E, mais recentemente, no contexto do coronavírus, por meio do Ofício CFM nº 1756/2020-Cojur de 19 de março de 2020, reconheceu-se a possibilidade e a eticidade da utilização da Telemedicina, em caráter excepcional e enquanto durar as medidas de enfretamento ao COVID-19, como forma de também garantir a proteção da saúde do médico.
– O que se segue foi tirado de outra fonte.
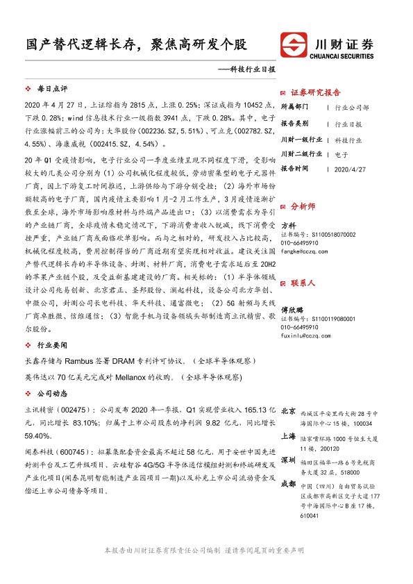 【川财证券】【20200427】科技行业日报:国产替代逻辑长存,聚焦高研发个股-3页

Dentre as medidas destacadas, o Conselho Federal de Medicina, sob o mote de “aperfeiçoar ao máximo a eficiência dos serviços médicos prestados enquanto durar a batalha de combate ao contágio da covid-19”, incentivou o uso da “Teleorientação”, por meio do qual profissionais da medicina realizam à distância a orientação e o encaminhamento de pacientes em isolamento; o “telemonitoramento”, por meio do qual, sob orientação e supervisão médica, monitora-se à distância parâmetros de saúde e/ou doença e  a “teleinterconsulta”, por meio da qual se cambiam informações e opiniões entre médicos, para auxílio diagnóstico ou terapêutico.

Como já mencionado, encampando a orientação do Conselho de Classe, o Ministério da Saúde estabeleceu, por meio da Portaria nº 467 MS/GM, de 20 de março de 2020 que “as ações de Telemedicina de interação à distância podem contemplar o atendimento pré-clínico, de suporte assistencial, de consulta, monitoramento e diagnóstico, através de tecnologia da informação e comunicação, no âmbito do SUS, bem como na saúde suplementar e privada”.

Contudo, estabeleceu que o atendimento deverá ser efetuado diretamente entre médicos e pacientes, a fim de resguardar a higidez da relação médico- paciente, tão sagrado ao Código de Ética Médica.

Ademais, alertou para a primazia dos registros de dados clínicos do caso, da tecnologia da informação e comunicação utilizada, permitida a emissão de atestados ou receitas médicas também em meio eletrônico, contendo a identificação do médico, a preservação do sigilo, da confidencialidade e da privacidade nas informações de saúde, que são considerados dados pessoais sensíveis à luz da nova Lei Geral de Proteção de Dados.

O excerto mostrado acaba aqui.